Kapot of te slechte kwaliteit waren de criteria die leidden tot afvoeren van spullen. Die stapel werd nog verrassend groot.
Uiteraard besloot de dreumesdochter zo’n beetje halverwege het proces dat haar middagdutje wel lang genoeg geduurd had. Zo’n tafel vol spullen als je beneden komt is een feestje op zich.
Terwijl ik de spullen die mochten blijven sorteerde en opruimde tot een frisse collectie creatief materiaal, bekeek mijn dreumesmeisje eens of er iets te peuteren en wriemelen viel.
Dat was er, en dat bracht mij in dubio.

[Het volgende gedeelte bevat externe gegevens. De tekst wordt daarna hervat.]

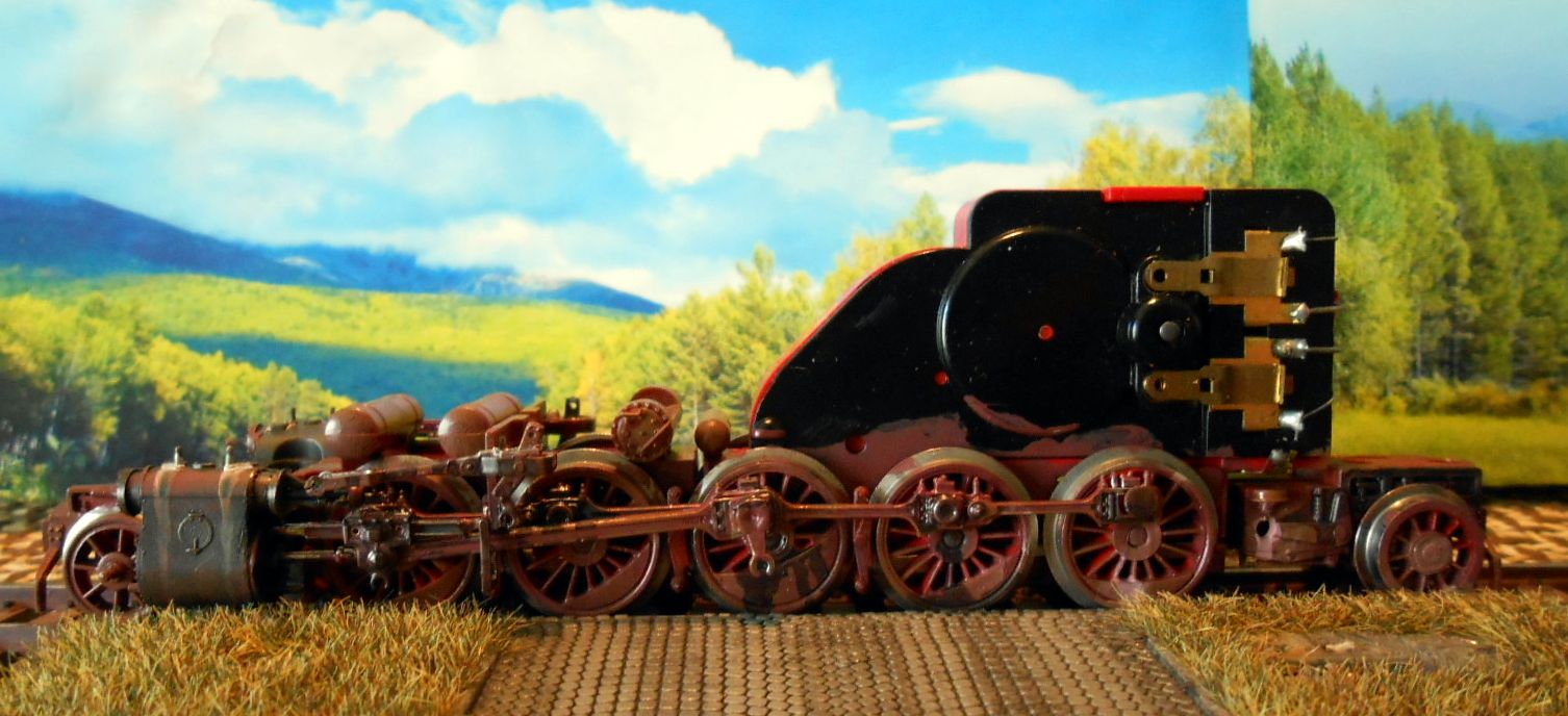 На макете в тупичке валялся корпус паровоза,сильно состареного. Захотелось сделать его снова ходовым.При чем в том же брутальном
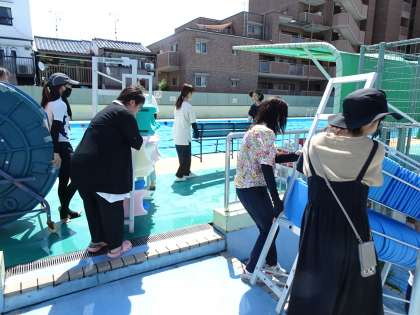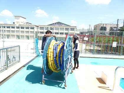 先生たち、プール前に集まっています。けっして、これから水泳大会をするわけではありません。先生たちは、また来年、子どもたちがプールを気持ちよく使えるように、プールの後片付けや、更衣室等の掃除をしているのです。プールを使い終わった後、どんな作業があるのか、少しみてみましょう!
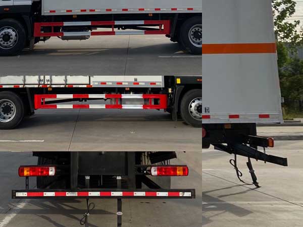 其它 | ABS型號:ABS-E,ABS/ASR-24V-4S/4M,CM4XL-4S/4M,3550D-1010;ABS生產企業:威伯科汽車控制系統(中國)有限公司,東科克諾爾商用車制動系統(十堰)有限公司,廣州瑞立科密汽車電子股份有限公司,東科克諾爾商用車制動系統(十堰)有限公司;安裝有限速裝置;限速裝置限速(km/h):80;安裝有具有衛星定位功能的行駛記錄儀;選裝描述:選裝側門型式及位置,選裝側門數量,選裝不開側門,廂體側面板選裝開百葉窗,選裝瓦楞板結構.該車型可選裝ETC車載裝置;發動機/油耗值(L/100km)對應關系為:F4.5NS6B220/24.4,B6.2NS6B210/26;側后防護情況:側、后防護材料均為Q235,螺栓連接,后防護截面尺寸120×70mm,下邊緣離地高450mm;車廂頂部封閉且不可開啟;運輸獨立容器(瓶)包裝的貨物;危險貨物類項號:第3類;其他說明:僅選用排氣管前置、前輪盤式制動及子午線輪胎的底盤.該車轉向輪安裝輪胎爆胎應急防護裝置,后軸采用空氣懸架.該車為危險貨物運輸車。選裝后尾板時,后防護材料為Q235,焊接,截面尺寸120×50mm,下邊緣離地高450mm。尾板收起狀態水平長度為290mm,尾板質量為550kg。隨底盤選裝駕駛室;選裝燃油箱,電瓶,尿素罐,后處理,儲氣筒左右安裝位置。 | ||
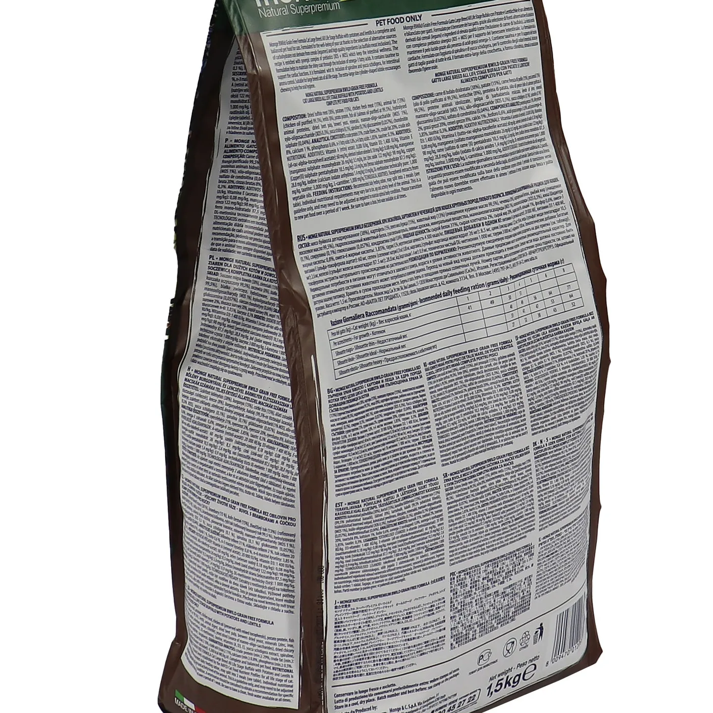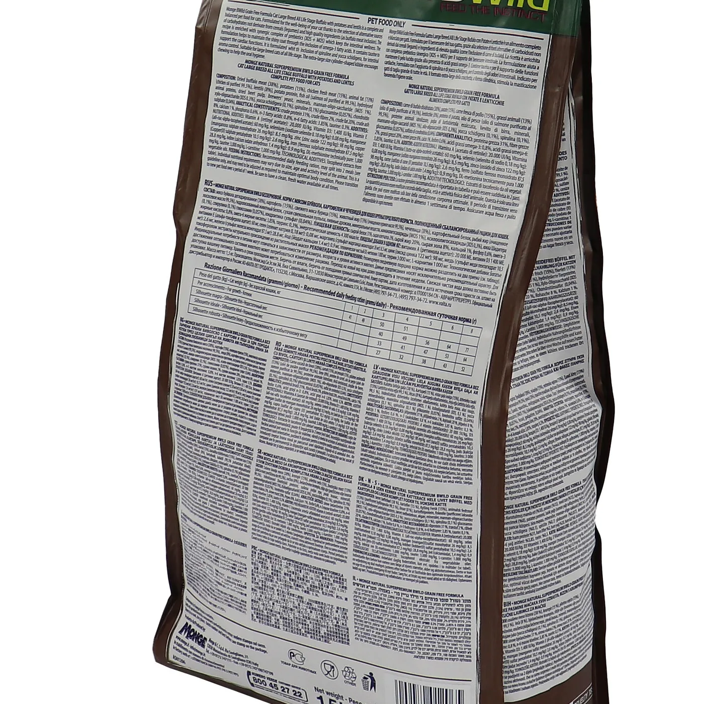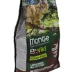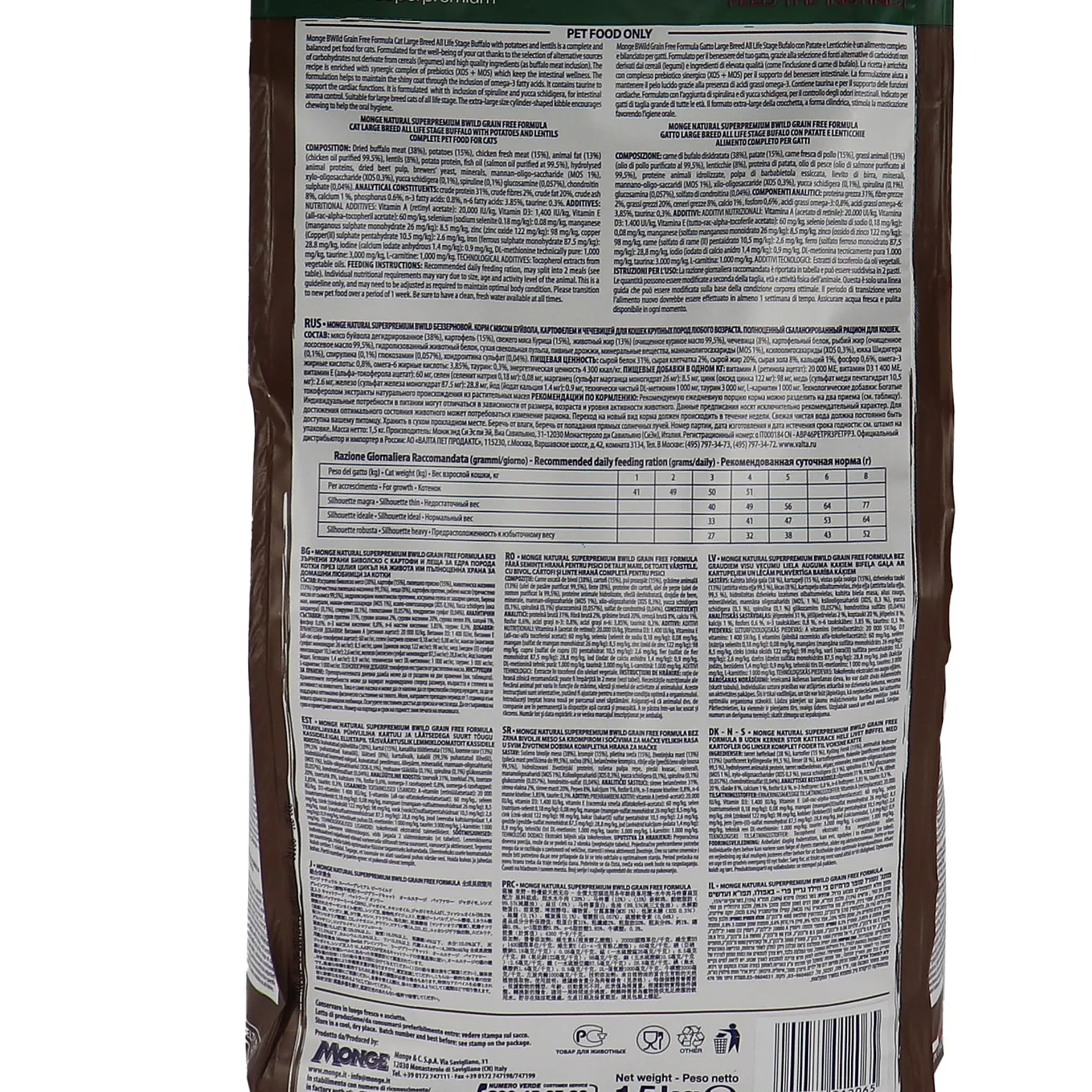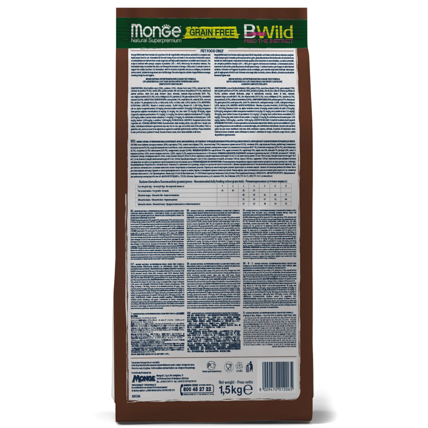 Полнорационный сухой корм Monge Cat BWild GRAIN FREE для котят и кошек крупных пород. Основной источник белка — дегидрированное и свежее мясо буйвола. Рецепт не содержит зерновых культур, в качестве источника углеводов используется картофель и чечевица. Состав обогащен глюкозамином, хондроитином, кальцием и фосфором для поддержки костной системы и суставов, а также пребиотиками MOS и XOS для пищеварения. Корм подходит для животных всех возрастов, включая период роста.

Ze zat heerlijk te spelen met een gratis gekregen boekje met stickerdingen. Dat boekje was in de basis prima bruikbaar bij knutselactiviteiten. Het spel van de dreumesdochter droeg bepaald niet bij aan deze bruikbaarheid.
Het boekje zou sneuvelen als ze doorging, maar ze speelde wel heel fijn. En dat is toch ook wat waard.** Ik heb haar laten spelen. Sterker nog, ik sloop er op mijn tenen omheen om haar toch maar niet te storen in haar spel.
Het supergefocusde dreumesgewriemel vind ik namelijk zo mogelijk nog mooier dan een slapende dreumes. We hebben er daarmee allebei van genoten.
*Als ik deze zin in mijn examen Nederlands zou gebruiken, zou ik bij deze gezakt zijn. Meer dan dertig woorden, hoe durf ik…
** Weer gezakt. Zinnen beginnen niet met en. Dat kan niet. Punt.